But the shootings still happen. And they don’t happen to just young cops who you can assume are just that evil and can’t control themselves, but to career cops who, even if they are evil, at least have shown the ability for self-control.

Or, perhaps, it is a conjunction of two unfortunate things. See those target pop-up things that the police use for training were originally military and, if what I’ve read is true, they were designed to stop the problem of people being terribly reluctant to pull the trigger of a firearm in war unless directly, actively threatened. Apparently, what they help with is automating the acquire target-aim-shoot cycle to the status of a reflex: an instinctive response to a threat.

After the big fiasco of the 1986 shootout in Miami, I think, police forces were suddenly faced with the inadequacy of their personnel as fighters and so adopted scarily overpowered sidearms (.40 S&W is a lot of gun, though at least they didn’t adopt the 10mm Auto) and, crucially, military training methods.

Now if you take a merely ordinarily racist cop who doesn’t want to gun down black people, but is leery of them and thinks they are a threat (to forestall the inevitable rejoinder: yes, they do kill more cops per head but the baseline rate is so low that it’s an unjustifiable heuristic to use especially if it leads to killing people) and you teach him to, when feeling threatened, instantly draw his weapon, acquire the target, aim, and shoot. The result is… well, this.

I’ve no proof, I hasten to add. It’s just a hypothesis, but I’d dearly love to see it researched. Or debunked, if anyone here’s of a mind to do so, 'cause it’d be nice to know either way.

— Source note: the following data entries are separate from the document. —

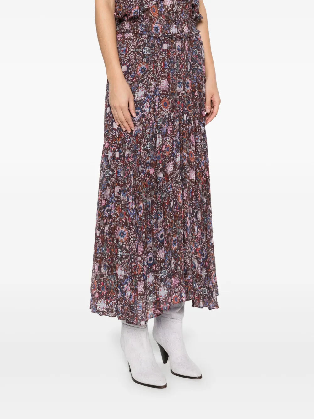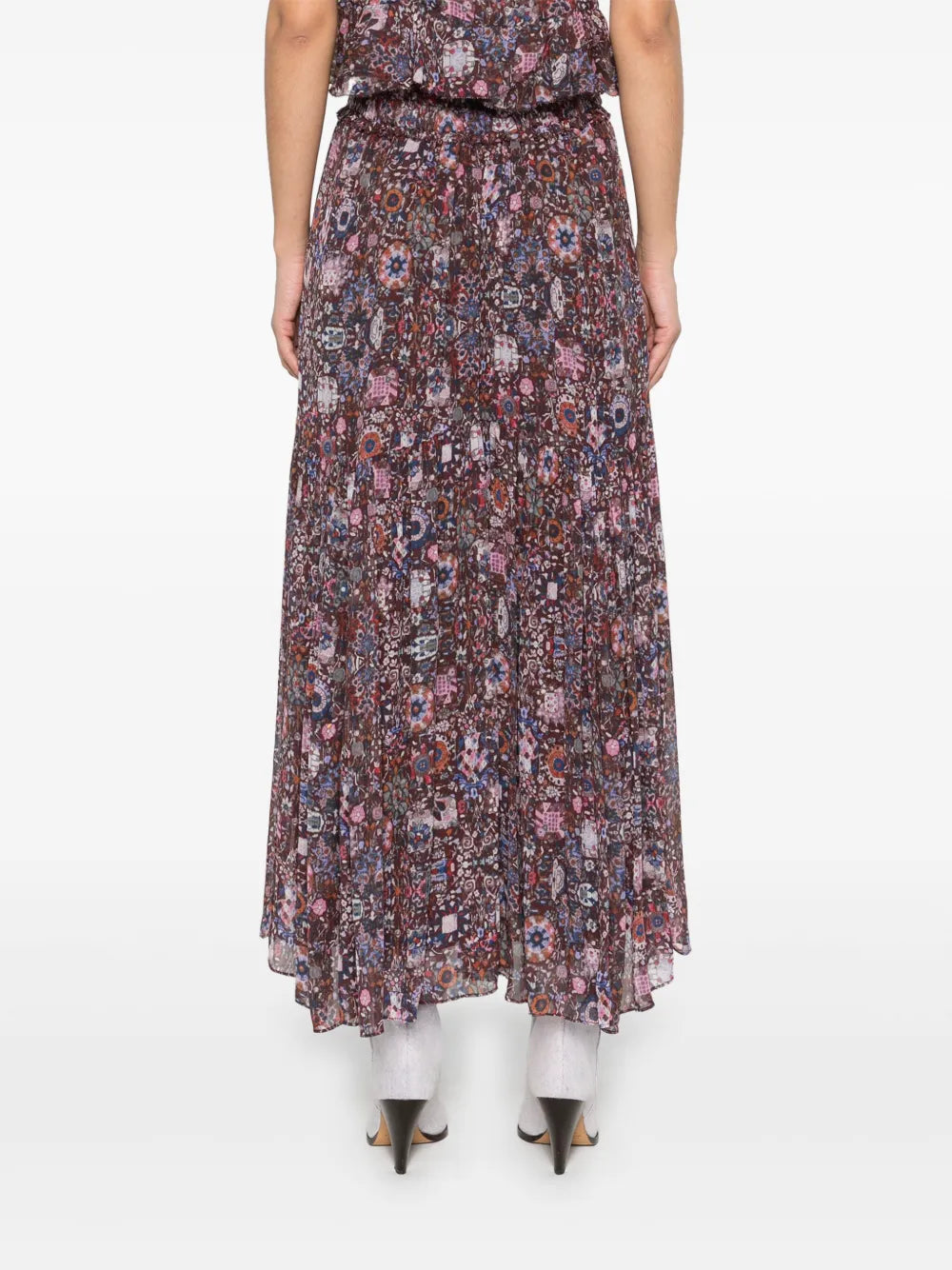 The Besma Skirt by Isabel Marant brings playful charm with its gathered printed georgette tapestry pattern and flared, flowing silhouette. Featuring an elastic waist for comfy wear, side pockets for convenience, and a plain-colored crepe bottom that adds a smooth finish, this skirt combines style and ease perfectly. Its gathered hips create a fun, flattering shape that moves with you all day long.
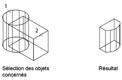 La commande INTERSECT permet de créer un objet composé en conservant uniquement le volume ou la zone en commun de deux ou plusieurs objets qui se chevauchent. INTERSECT retire les portions qui ne se chevauchent pas et crée un objet composé à partir de ce qui reste.
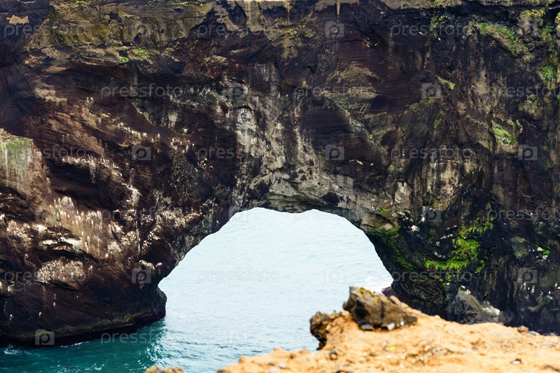Естественная арка в скалах Дирхолей в Исландии

As for the military gear I’m sure it doesn’t help. Honestly, what baffles me most of all aren’t even the M4s (which the Ferguson cops so famously carried dead wrong) but the armored vehicles with the .50 machine guns on the top. I’d like someone who knows their firearms like @Mister44 to tell me what on Earth those are for and what happens if you let loose a burst in a suburban street where the houses are made chiefly of plaster and clapboard. Because I’ve tried to imagine it and my mind plum ran out of curse-words.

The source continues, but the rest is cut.